Da kommt der Trend gerade recht, für alle Tragödien des
Lebens Psychoexperten zu Rate zu ziehen. Gerade jetzt (in der
nachideologischen Zeit) suchen immer mehr Menschen Orientierung und Lebenshilfe, die sie sich von der Psychologie erhoffen. Diese Tendenz wird zusätzlich von medialen Psychowellen
angetrieben, deren wirksamste in den vergangenen Jahren die
„Burn-out“-Welle war. Das hat den Therapiebedarf in den vergangenen Jahren anschwellen lassen. Und psychotherapeutische
oder psychosomatische Kliniken und niedergelassene Psychotherapeuten (die Schwerkranke ausschließen dürfen!) öffnen die
Tür für die Behandlung von „Gesunden“.
Ist es also nur negativ bestellt mit den psychiatrischen Kliniken
hierzulande und der Versorgung der Betroffenen?

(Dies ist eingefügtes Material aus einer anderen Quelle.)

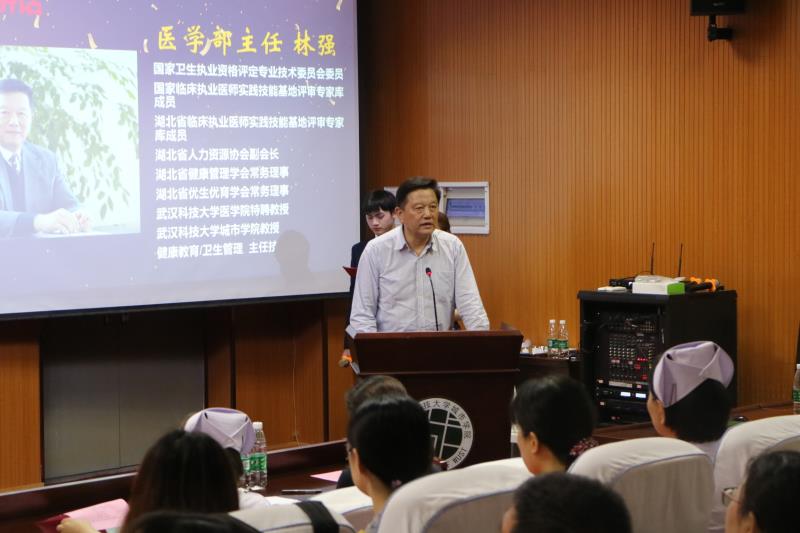 医学部主任林强发表讲话。“有一种职业,没有经历过就不明白它的艰辛。有一种艰辛,没有体会过就不明白它的快乐。有一种快乐,没有品尝过就不明白它的滋味。这就是护士,阳光下最平凡、最平淡、最单调的职业。” 林强表示,医学部要以“创一流业绩,行精湛服务,树行业口碑”为目标,在接下来的工作中再创佳绩,并希望同学们不断吸收新知识,不断跟进新技术,努力提高自己的业务知识和技术水平,用爱心、真心、责任心拥抱工作。

Eine nicht repräsentative Online-Umfrage der Stiftung Warentest aus dem Jahr 2011 mit knapp 4000 Teilnehmern hat untersucht, wie viele Menschen mit seelischen Problemen eine Psychotherapie beginnen – und welche Erfahrungen sie mit der
Therapie gemacht haben. Die Ergebnisse zeigen deutlich: Vielen
hat die Therapie gut oder sehr gut geholfen. Ihr seelisches Leiden hat erheblich abgenommen und ihre Schwierigkeiten im Alltag sind geringer geworden.
Zu Beginn der Therapie hatten etwas mehr als drei Viertel der
Befragten „große“ oder „sehr große“ seelische Probleme.
Nach Abschluss der Therapie gaben dagegen 57 Prozent an,
dass ihre seelischen Belastungen jetzt „gering“ bis „sehr gering“
seien. 29 Prozent berichteten noch über „mäßige“ seelische Belastungen.
Positiv auch, dass die meisten Patienten ihre Therapie erfolgreich zu Ende führten: 80 Prozent der Befragten blieben bis zum
Abschluss in der Therapie, nur 20 Prozent brachen die Behandlung vorzeitig ab.